X = 1 : Only the leader needs to acknowledge the receipt of the message, this increases the latency, but ensuring that the message has been received by the broker. Since acknowledgement from the followers is not required, this approach cannot ensure that the required replication has been accomplished.
X = All - 1 : This approach guarantees that the message is successfully written to a minimum number of in-sync replicas before an acknowledgement is sent to the producer. This is the higher durability option, but also the highest latency one too.

By default, brokers in Kafka are designed to accept incoming messages without requiring any validation, which can lead to data replication due to the above delivery guarantees. To prevent this, you can set enable.idempotence=true, which ensures that messages are delivered exactly once, in the correct order, with almost no performance impact.

Reading Messages: Consumers and Offsets

Consumers are responsible for reading the data from the topics. They operate in consumer groups, and how these should be coordinated, will depend on your specific use case.

Consumer Groups and Assignment Strategies

A consumer group is a grouping of one or more consumers, working together, in order to process data for a topic. By default, Kafka will divide the partitions of a topic among the consumers in a group. If you have a topic with 4 partitions, and a consumer group with 4 consumers, each consumer will read messages from a single partition, ensuring that data across the partitions is processed in parallel.

The data inside the partitions themselves will be ordered, however, there is no guarantee that the messages will be consumed in any given order when using multiple partitions.

In Kafka, the broker acts as a group coordinator. If a consumer dies, the broker will detect this, and trigger a consumer rebalance, reassigning the partition to the remaining consumers in the group.

When creating a consumer, the rebalance can be configured through the use of a specific assignment strategy. Assignment strategies are methods in which the partitions are divided between the consumers, with different strategies leading to more efficient reassignments of consumers.

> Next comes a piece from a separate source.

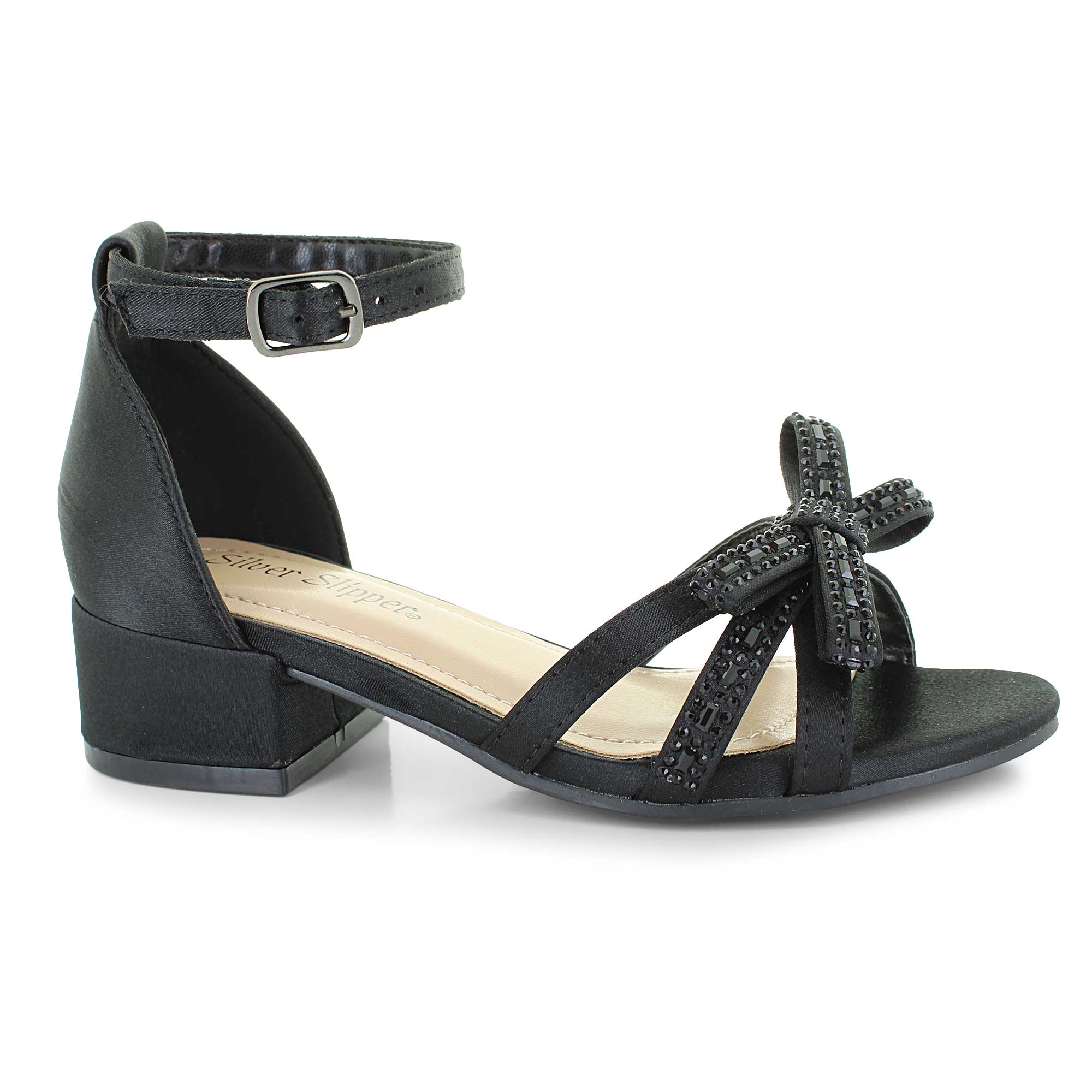 Add a touch of sparkle to special moments with these charming Silver Slipper dress shoes. A rhinestone-accented bow delivers standout shine with sweet, polished style. An adjustable buckle closure provides a secure fit through any event.

Round Robin Assignor: assigns a partition to a consumer one by one. This is not very efficient as each partition will be reassigned.
Sticky Assignor: When a rebalance takes place, it will attempt to changes as little as possible, moving only the partitions from the dead consumer. This is a more efficient approach.
Static Assignment: Gives consumers an ID. If after 5 minutes, the consumer comes back on, use ID to reassign their assignments. Need to have assigned an identity for consumers, as well as increased session timeout.
Cooperative Sticky Assignor: An improvement on the Sticky Assignor, that allows consumers to keep processing their data during a rebalance, minimizing any processing downtime, before redistributing those partitions.

Offsets: Bookmarking your progress

So how does a consumer know which messages it has already read? Each message in a partition, has a unique, sequential identifier, called an offset.

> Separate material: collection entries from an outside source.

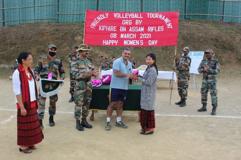 Kiphire Battalion of Assam Rifles under the aegis of HQ IGAR (N) organised a friendly volleyball tournament to mark international women's day at Kiphire. The tournament witnessed participation from teams of Assam Rifles, 14 IRB, USSC and Pungro Town. The chief guests of the event were President and members of Kiphire Area Mothers association along with Rajashekara, IPS, DIG Range Tuensang. (Photo Courtesy: IGAR N)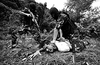 昨天,台州市公安边防支队特勤分队在温岭城南山区举行特警战术和反恐技能实兵演练。这次演练根据沿海丘陵地形和夏季气候特点,重点突出丛林围堵、抓捕控制、武力突袭等课目,检验和提高部队机动作战和反恐能力。图为特勤官兵抓捕控制“恐怖分子”。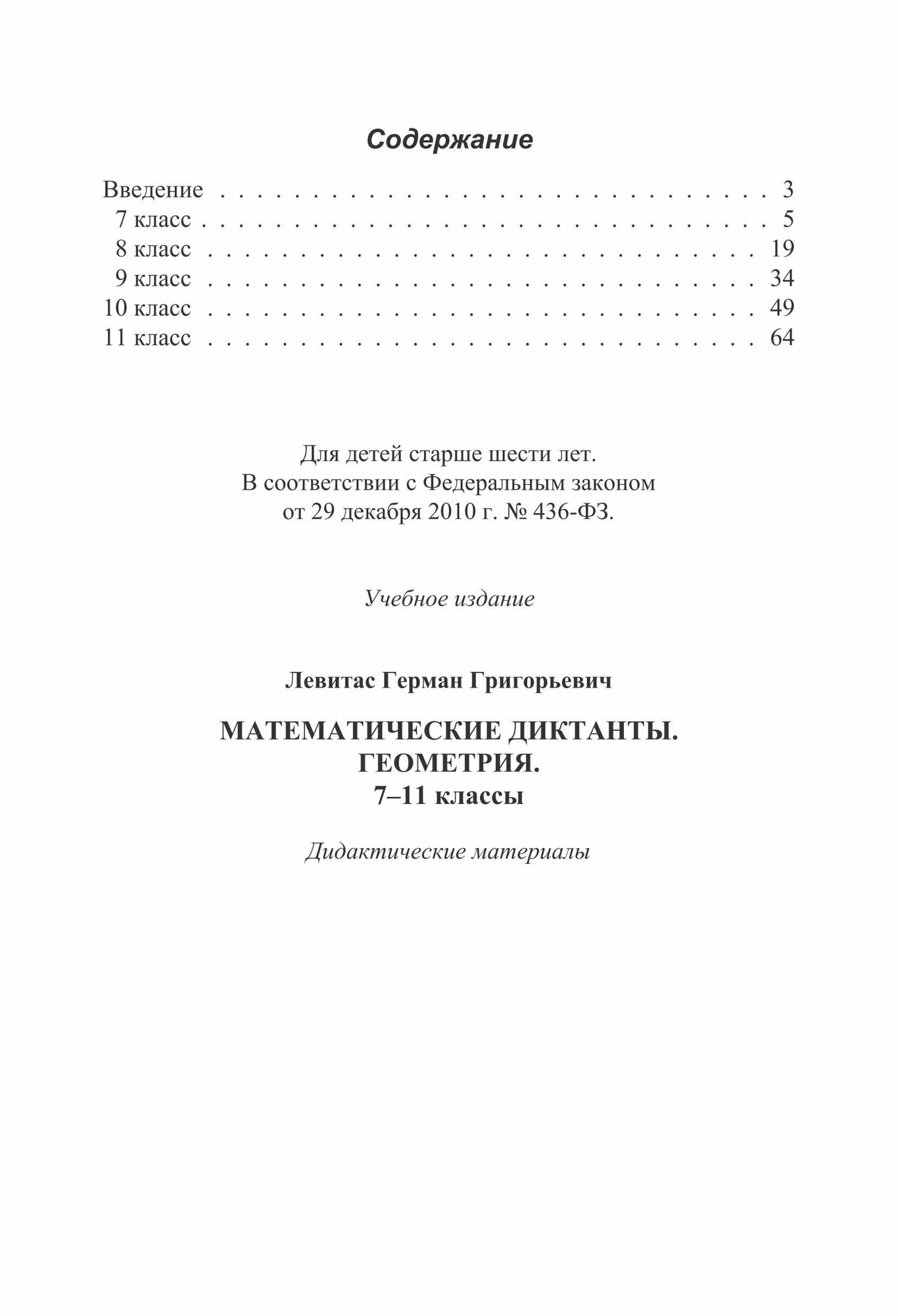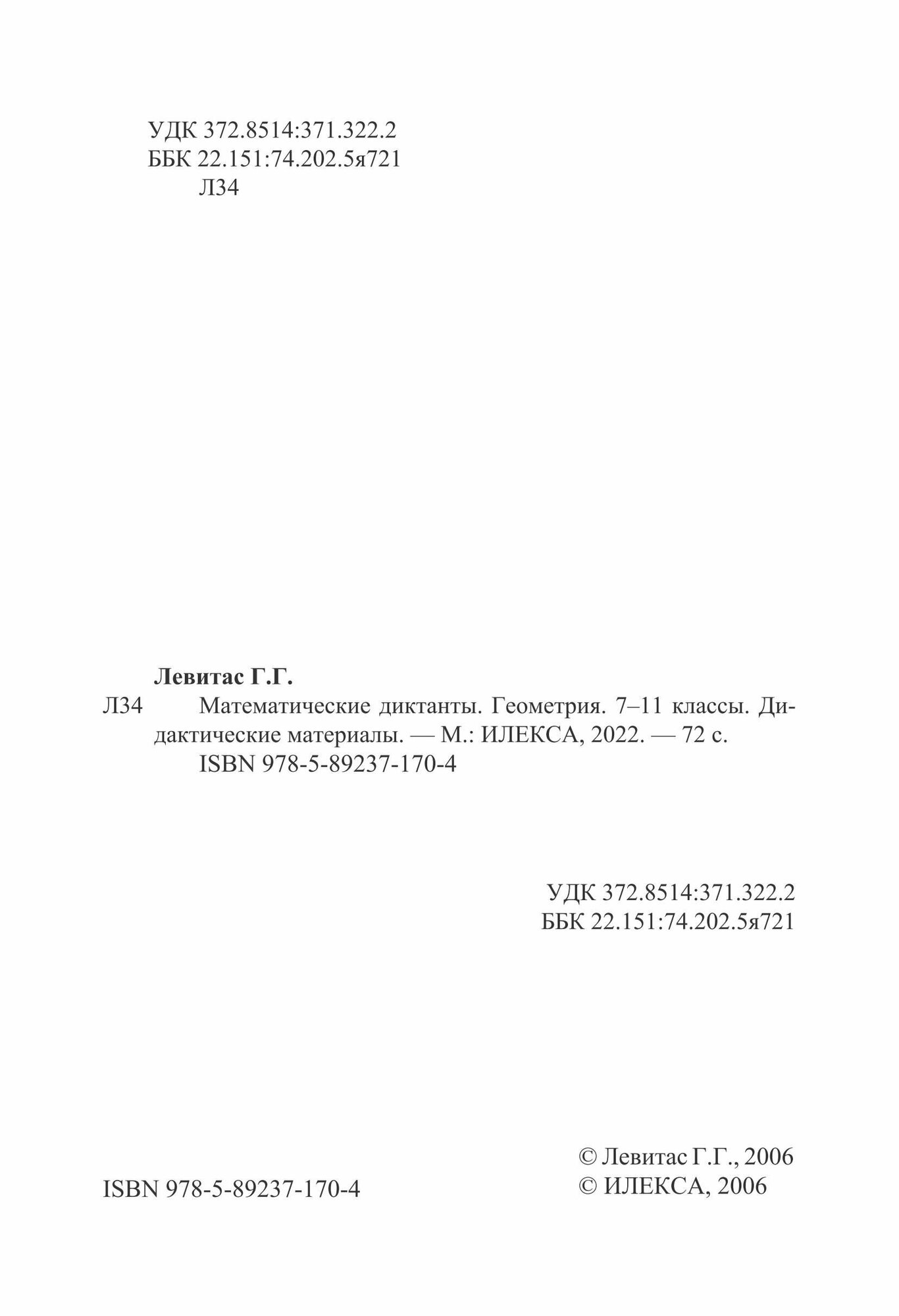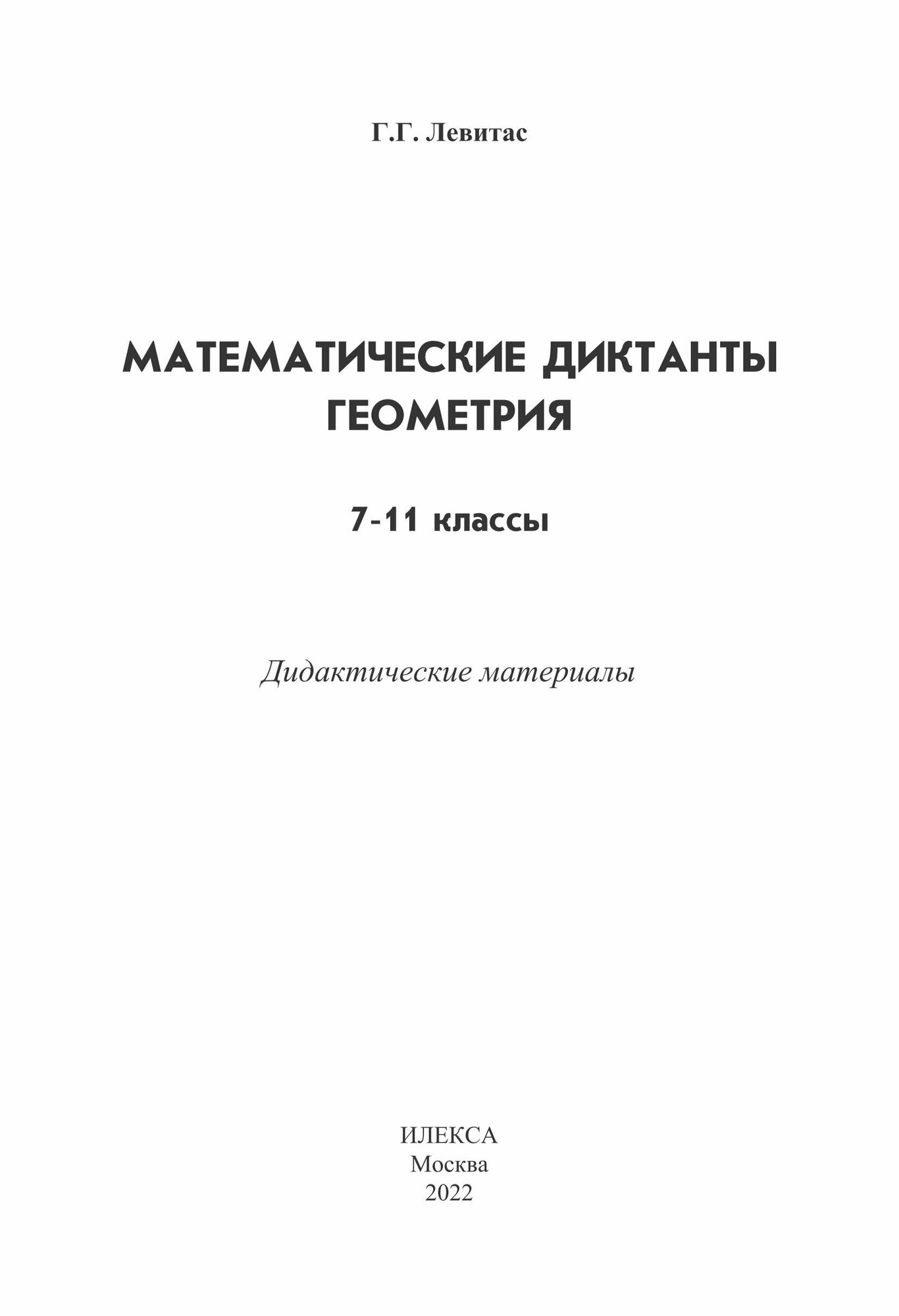 Математические диктанты. Геометрия. 7-11 классы. Дидактические материалы (Герман Григорьевич Левитас); Илекса, 2016

An offset is essentially a position within the partition, that determines which message is to be consumed next, acting as a bookmark for the partition.

By default, Kafka stores these offsets in an internal topic called __consumer_offset, this being the most common and recommended approach, as it's managed by Kafka itself.

Putting It All Together

From producers ensuring data reliability, to consumer groups processing the messages in parallel, Kafka's architecture provides a powerful framework for building real-time data applications. Alongside these, the core concepts of topics, partitions, and offsets, build the foundations of a scalable, resilient and fast system.